Copy the reader, share no core code
The roughly twelve lines a plugin needs to read a note’s frontmatter are copied into each plugin. The core publishes no importable code as a contract. The reason is reversibility, not purity. If duplication later hurts, pulling the copies into one shared file is a five-minute change that breaks nobody. Un-publishing a shared tool that plugins already import is a breaking change and a magnet for “can it also do X?” creep. Copy is the move you can undo.
Commands only, never a daemon
The core and every plugin ship commands. Scheduling them (cron, launchd, a watcher) is your opt-in. Nothing runs in the background just by being installed. A data plugin keeps its local mirror warm because you scheduled a token-free sync, not because imprnt runs a daemon. Always-on background machinery is the cost pattern imprnt was built to avoid: a tool that works without you ever thinking about it is also one you cannot audit, cannot stop, and do not fully own.
Invariants are tests, not values
The most expensive lesson, and another from PAI: a principle written as a value (“be private,” “ration the model”) cannot be checked against reality, so it rots into recitation. PAI carried seventeen such principles. imprnt’s answer is that an invariant earns its place only as a falsifiable check pointing at a specific failure it would have caught. “On the real corpus, recall tops the right note” is a test. “Deterministic-first” is a value. The first catches a regression on day one. The second gets quoted in a meeting.
Privacy by being private
The whole vault is local and owner-only. There is no sensitivity field, no redaction pass, no secret-fencing, because the vault is meant to hold everything, including medical, financial, and personal data. The only rule is that it never goes near a public repo. Publishing a subset is an export-time filter you run consciously, not a tax paid on every note at ingest.
imp is the front door, imprnt stays the engine
The package ships two commands from one dispatcher, split by audience. imp is for humans: typed in any directory it opens a Claude session there with the imprnt context riding along, and imp lair opens it inside the vault project. imprnt is for machinery: agents and scripts call imprnt recall, imprnt check, and the rest.

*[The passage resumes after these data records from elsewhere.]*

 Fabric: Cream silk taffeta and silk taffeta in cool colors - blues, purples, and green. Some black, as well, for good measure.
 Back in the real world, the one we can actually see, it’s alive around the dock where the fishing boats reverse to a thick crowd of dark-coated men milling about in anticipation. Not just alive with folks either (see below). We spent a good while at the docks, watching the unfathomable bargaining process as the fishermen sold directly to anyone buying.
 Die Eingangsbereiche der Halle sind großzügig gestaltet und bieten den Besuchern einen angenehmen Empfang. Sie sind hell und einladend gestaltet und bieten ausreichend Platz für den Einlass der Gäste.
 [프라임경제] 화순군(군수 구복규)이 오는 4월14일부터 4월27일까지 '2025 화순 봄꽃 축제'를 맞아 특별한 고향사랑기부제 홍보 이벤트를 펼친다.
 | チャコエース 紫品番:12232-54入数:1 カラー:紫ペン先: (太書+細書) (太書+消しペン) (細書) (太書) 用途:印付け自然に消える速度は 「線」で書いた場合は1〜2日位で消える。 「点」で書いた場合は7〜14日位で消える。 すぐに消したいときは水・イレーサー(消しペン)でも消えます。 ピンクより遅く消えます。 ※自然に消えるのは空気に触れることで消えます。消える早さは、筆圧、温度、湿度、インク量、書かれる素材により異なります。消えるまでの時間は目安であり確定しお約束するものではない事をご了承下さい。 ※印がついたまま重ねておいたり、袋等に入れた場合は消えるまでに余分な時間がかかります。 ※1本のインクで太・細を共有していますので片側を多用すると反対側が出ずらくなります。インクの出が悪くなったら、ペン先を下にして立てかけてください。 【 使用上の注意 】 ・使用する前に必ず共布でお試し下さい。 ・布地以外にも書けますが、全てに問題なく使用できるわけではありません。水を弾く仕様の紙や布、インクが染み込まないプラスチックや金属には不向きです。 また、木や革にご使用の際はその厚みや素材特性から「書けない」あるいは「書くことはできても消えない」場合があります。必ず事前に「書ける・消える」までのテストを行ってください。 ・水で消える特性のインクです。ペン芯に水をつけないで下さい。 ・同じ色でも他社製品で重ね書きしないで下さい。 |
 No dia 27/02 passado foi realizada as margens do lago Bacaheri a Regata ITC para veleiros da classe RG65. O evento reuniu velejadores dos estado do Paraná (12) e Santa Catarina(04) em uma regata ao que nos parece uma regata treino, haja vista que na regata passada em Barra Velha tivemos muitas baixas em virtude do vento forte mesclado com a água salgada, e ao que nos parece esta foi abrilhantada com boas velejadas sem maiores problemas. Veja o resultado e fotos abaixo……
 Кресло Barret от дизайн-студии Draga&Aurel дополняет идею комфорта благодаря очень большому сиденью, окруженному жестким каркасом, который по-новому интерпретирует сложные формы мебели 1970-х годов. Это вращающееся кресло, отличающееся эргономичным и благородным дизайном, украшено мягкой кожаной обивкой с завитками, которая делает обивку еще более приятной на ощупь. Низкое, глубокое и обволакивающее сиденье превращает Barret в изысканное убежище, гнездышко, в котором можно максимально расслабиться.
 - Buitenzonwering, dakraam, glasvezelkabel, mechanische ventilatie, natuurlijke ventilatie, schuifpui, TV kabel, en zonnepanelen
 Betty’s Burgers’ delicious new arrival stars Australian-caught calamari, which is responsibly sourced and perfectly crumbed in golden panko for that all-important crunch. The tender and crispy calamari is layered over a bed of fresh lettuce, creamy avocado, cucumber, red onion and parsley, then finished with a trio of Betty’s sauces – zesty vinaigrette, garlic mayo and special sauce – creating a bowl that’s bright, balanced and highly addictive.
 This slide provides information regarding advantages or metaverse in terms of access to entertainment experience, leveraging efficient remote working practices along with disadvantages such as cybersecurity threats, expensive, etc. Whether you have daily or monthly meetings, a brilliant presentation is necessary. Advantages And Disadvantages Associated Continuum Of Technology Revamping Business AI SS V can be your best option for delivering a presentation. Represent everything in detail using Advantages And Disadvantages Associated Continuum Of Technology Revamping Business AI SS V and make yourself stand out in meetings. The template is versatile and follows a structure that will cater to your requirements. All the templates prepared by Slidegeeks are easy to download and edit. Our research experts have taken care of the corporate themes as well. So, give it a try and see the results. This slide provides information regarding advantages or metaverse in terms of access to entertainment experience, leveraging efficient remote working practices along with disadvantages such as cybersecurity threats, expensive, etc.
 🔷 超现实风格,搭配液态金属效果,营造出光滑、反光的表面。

Two earlier models lost. Injecting imprnt into the assistant’s global config pays tokens in every session forever, the always-on cost again. A launcher-only model left the vault unreachable from the coding repos where most of the day happens. The resolution is per-keystroke consent: typing imp instead of claude is the entire opt-in. Stock claude stays stock, nothing is written into the global config, and each session carries the context because you asked for it by name.

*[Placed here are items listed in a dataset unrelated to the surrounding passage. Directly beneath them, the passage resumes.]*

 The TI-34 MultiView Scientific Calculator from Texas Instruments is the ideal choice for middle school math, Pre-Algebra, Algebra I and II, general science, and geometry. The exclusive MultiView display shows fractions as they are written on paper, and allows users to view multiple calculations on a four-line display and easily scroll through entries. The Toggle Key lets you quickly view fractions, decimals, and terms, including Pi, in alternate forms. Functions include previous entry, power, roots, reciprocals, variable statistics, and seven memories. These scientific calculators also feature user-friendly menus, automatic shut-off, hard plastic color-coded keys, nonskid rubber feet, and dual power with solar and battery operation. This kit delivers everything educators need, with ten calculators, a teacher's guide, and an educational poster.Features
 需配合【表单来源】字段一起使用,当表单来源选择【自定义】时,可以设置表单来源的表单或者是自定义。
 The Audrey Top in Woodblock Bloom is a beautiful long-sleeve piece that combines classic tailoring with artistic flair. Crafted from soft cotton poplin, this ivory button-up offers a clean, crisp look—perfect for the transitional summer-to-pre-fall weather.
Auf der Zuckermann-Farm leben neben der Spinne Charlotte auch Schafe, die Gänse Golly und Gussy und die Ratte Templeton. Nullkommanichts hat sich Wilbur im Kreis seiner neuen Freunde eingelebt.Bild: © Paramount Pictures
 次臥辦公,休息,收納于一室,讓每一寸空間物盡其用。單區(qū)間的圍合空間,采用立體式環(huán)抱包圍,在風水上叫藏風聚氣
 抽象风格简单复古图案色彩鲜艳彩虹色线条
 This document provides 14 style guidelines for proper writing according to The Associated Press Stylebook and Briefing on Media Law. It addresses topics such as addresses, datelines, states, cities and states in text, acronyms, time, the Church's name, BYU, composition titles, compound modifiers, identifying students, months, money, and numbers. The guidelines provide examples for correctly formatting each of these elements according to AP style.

Session context is demand-paged
What a session carries up front is decided by the same frequency axis. Always loaded: your enabled behavior plugins plus a small pointer that says the vault exists, when to search it, and the one entry point for writing. The full filing contract is never loaded up front outside the lair. imprnt context prints it on demand, so the rules are paid only by the sessions that actually write, at the moment they write. A read-heavy day costs a pointer, not the whole contract.